◆ **Input for this task**
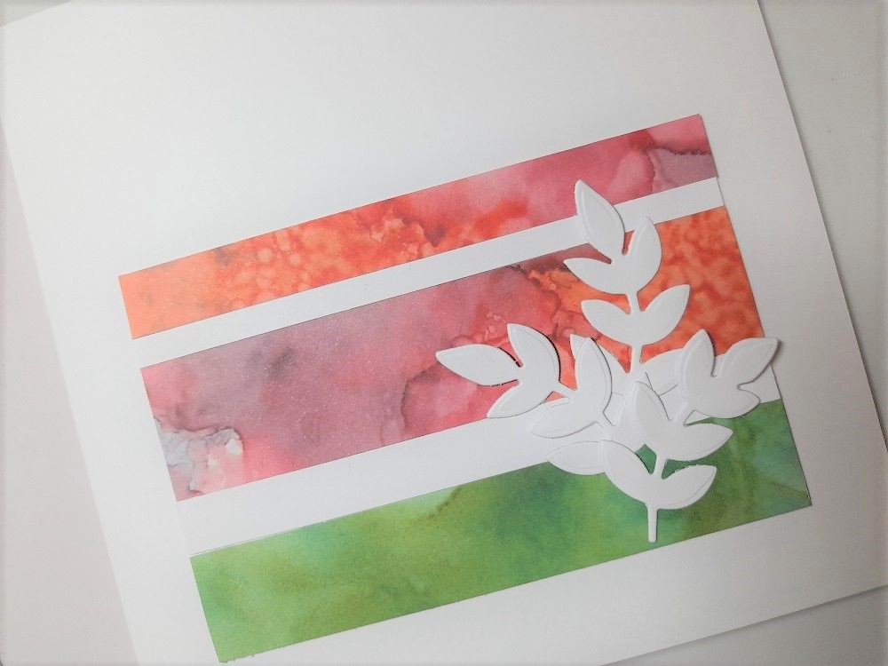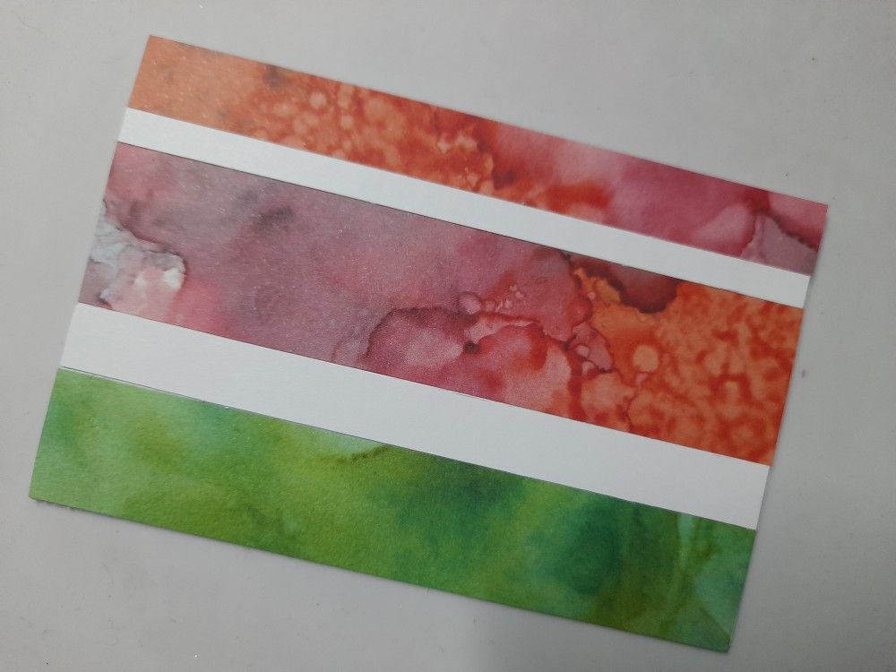 I started by cutting myself a small rectangle of white card to use as a base, and then attached offcut strips of paper (these are Claritystamp designer papers), separated by narrow strips of white. In fact, the red/orange strips are scraps from the card I made on Monday!
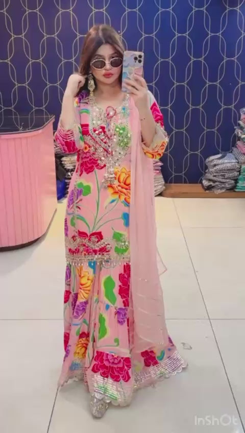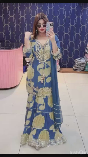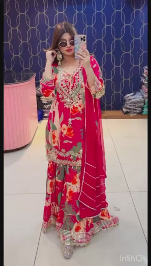 Article 1945 – Printed Crepe Sharara Set for Women | Elegant Party & Festive Wear | Sizes 40–46
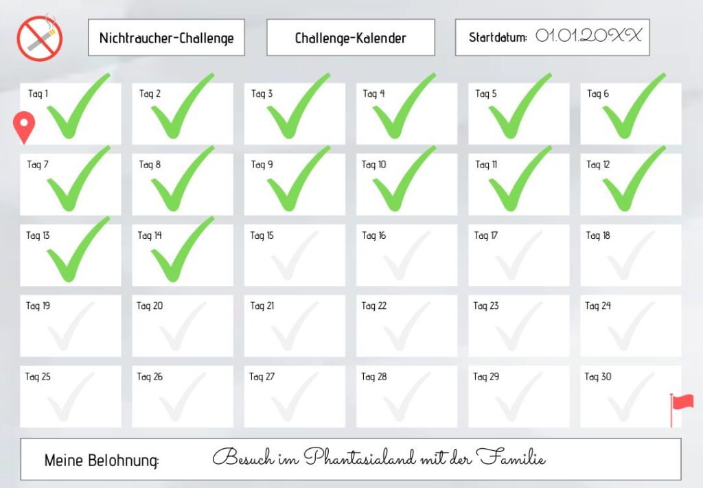 Und schließlich setzt du ihn in deiner 30-tägigen Nichtraucher-Challenge um – mit dem Ziel, nicht nur aufzuhören, sondern dauerhaft rauchfrei zu bleiben.
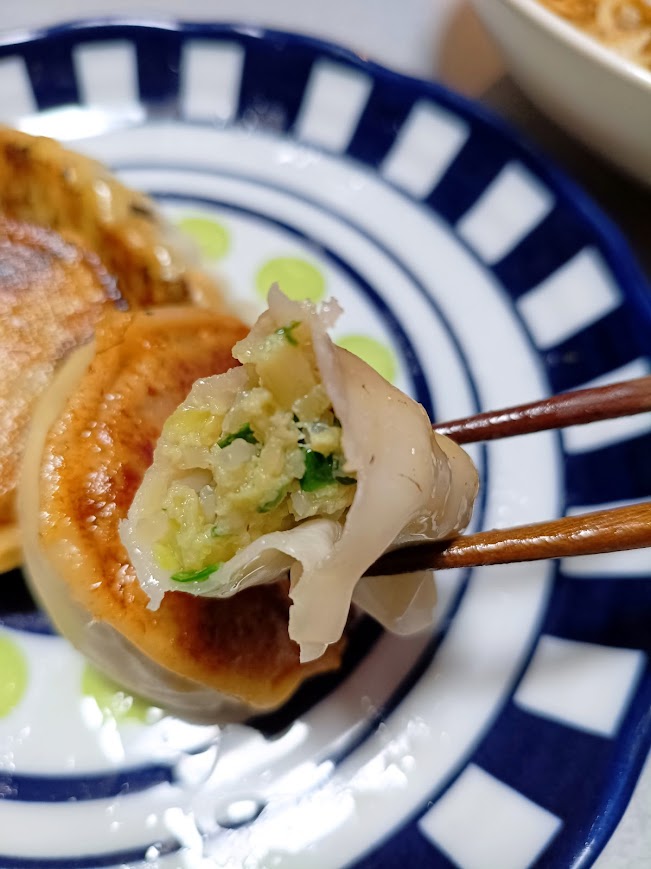 他の冷凍餃子と違うところは皮の厚みやモチモチ感。
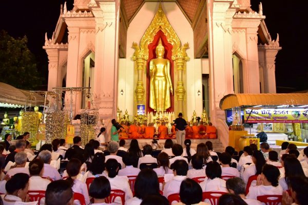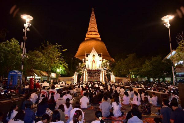 วันที่ 31 ธันวาคม 2560 เวลา 22.00 น. ที่บริเวณหน้าพระร่วงโรจนฤทธิ์ องค์พระปฐมเจดีย์ อำเภอเมือง จังหวัดนครปฐม นายชาญนะ เอี่ยมแสง ผู้ว่าราชการจังหวัดนครปฐม นำหัวหน้าส่วนราชการ ข้าราชการจากหน่วยงานต่างๆ นักเรียน นักศึกษา และพุทธศาสนิกชนชาวจังหวัดนครปฐมเป็นจำนวนมาก ร่วมกิจกรรมสวดมนต์ข้ามปี ถวายเป็นพระราชกุศล เสริมสิริมงคลทั่วไทย ส่งท้ายปีเก่าวิถีไทย ต้อนรับปีใหม่วิถีธรรม พุทธศักราช 2561 โดยผู้ว่าราชการจังหวัดนครปฐม จุดธูปเทียนบูชาพระรัตนตรัย จุดธูปเทียนเครื่องทองน้อย และเปิดกรวยกระทงดอกไม้ถวายราชสักการะ หน้าพระบรมฉายาลักษณ์ สมเด็จพระเจ้าอยู่หัวมหาวชิราลงกรณ บดินทรเทพยวรางกูร จากนั้น พระสงฆ์นำพุทธศาสนิกชนเจริญพระพุทธมนต์ และเจริญจิตตภาวนา ถวายเป็นพระราชกุศล แด่สมเด็จพระเจ้าอยู่หัวมหาวชิราลงกรณ บดินทรเทพยวรางกูร ตลอดจนสมเด็จพระบูรพมหากษัตริยาธิราช พระบรมวงศานุวงศ์ทุกพระองค์ และสวดมนต์เพื่อความเป็นสิริมงคลแก่ชีวิต ครอบครัว สังคม และประเทศชาติ ให้มีความสงบสุขร่มเย็นตลอดปีใหม่นี้
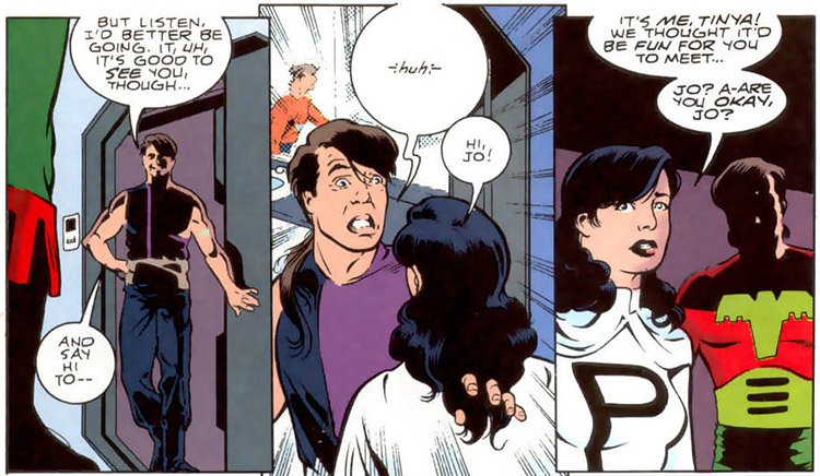 Jo returned to the 30th century just as reality was disintegrating from the time distortions of "Zero Hour." The remaining Legionnaires decided to sacrifice themselves by using the power of the Time Trapper to merge with their younger/SW6 selves and (hopefully) seed a new reality. In these final moments, the Trapper retrieved Tinya from just before her death. Jo and Tinya were reunited for only moments before their entire reality was wiped away. (Legion vol. 4 #60-61)

◆ **Exercise directions**
The lines above starting at the one that holds "Und schließlich setzt" and ending at the one that holds "他の冷凍餃子と違うところは皮の厚みやモチモチ感。" are to be written out exactly, ends included, and no pictures are to be copied.

◆ **Answer space**
 Und schließlich setzt du ihn in deiner 30-tägigen Nichtraucher-Challenge um – mit dem Ziel, nicht nur aufzuhören, sondern dauerhaft rauchfrei zu bleiben.
 他の冷凍餃子と違うところは皮の厚みやモチモチ感。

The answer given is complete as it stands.